2. Background: Attention, Multi-headed Attention, and Masking

거의 다 패스
Multi Head Attention Masking하는 것은 mask variable로 계산함
특정 head의 결과값을 0으로 지정

3. Are All Attention Heads Important?

WMT에서 테스트

3.2. Ablating One Head

하나의 Head만 제거하는 테스트

at test time, most heads are redundant given the rest of the model.

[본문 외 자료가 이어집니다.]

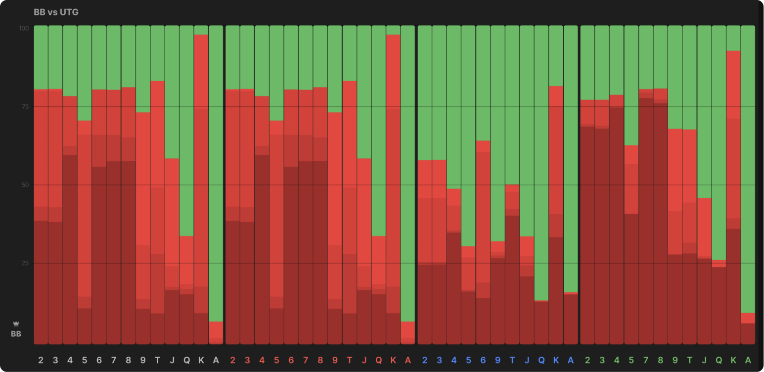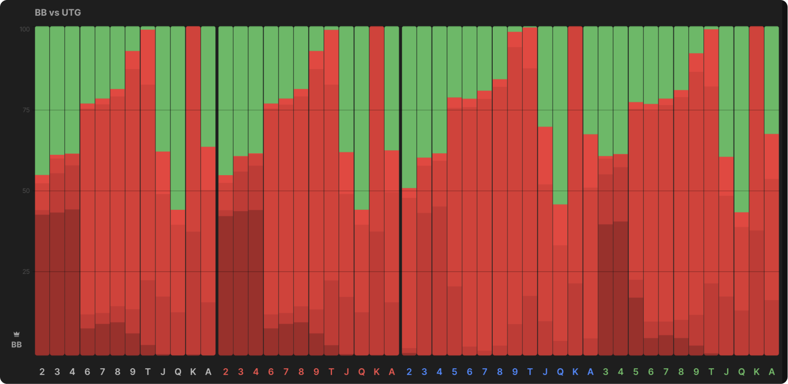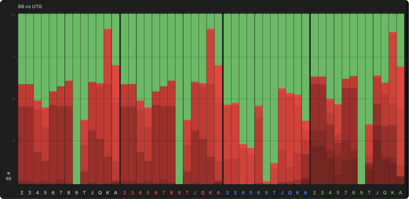 Вот стратегия BB против UTG в глубине 40bb:

3.3. Ablating All Heads but One

그럼 head가 하나 이상 필요할까?
대부분의 layer는 12/16 head로 trian되었어도 test time에 1 head도 충분하다.
근데 NMT는 되게 민감함
- WMT에서 enc-dec의 last layer가 1 head 사용할 경우 13.5 BLEU point이상 떨어짐
- last layer가 dec의 last layer인가..?

3.4. Are Important Heads the Same Across Datasets?

중요한 head는 다른 태스크에서도 중요할까?
어느정도 중요함, 그런 경향을 보임

4. Iterative Pruning of Attention Heads

iterative하게 적당히 자르자

4.1. Head Importance Score for Pruning

head mask에 대한 loss로 계산한다.

Molchanos et al., 2017 방법을 tayler expansion한 거랑 같다
Molchanos et al., 2017에 따라서 importance score를 l2 norm으로 정규화함

4.2. Effect of Pruning on BLEU/Accuracy

20% ~ 40%정도 pruning이 가능했다.
Appendix에 더 있음

4.3. Effect of Pruning on Efficiency

속도는 얼마나 줄까?? 1080 ti를 가진 머신 두대에서 테스트함
개인적으로는 역시 pruning은 memory footprint를 줄여주는 것이 큰가?? 싶기도 하다
- 어차피 연산은 진행을 하고, 연산에서 진행하는 데이터의 크기가 주는 것이기 때문에 그렇게 dramatic한 성능 향상은 아닌 듯 함

5. When Are More Heads Important? The Case of Machine Translation

결론:
- In other words, encoder-decoder attention is much more dependent on multi-headedness than self-attention.
역시 self-attention이 redundancy가 높은 건가??

6. Dynamics of Head Importance during Training

Trained Model에서 수행하는 것보다 Training Model에서 수행하는 것은 어떤가??에 관한 것
epoch 끝마다 각 pruning level에 따라 성능 측정해봄

early epoch 때는 굉장히 빠르게 성능이 하락하는데, 학습이 진행될 수록 중요한 head만 중요해지고 나머지는 아니게 됨

패스
근데 나중에 다시 보자

May 18, 2020

Tags: paper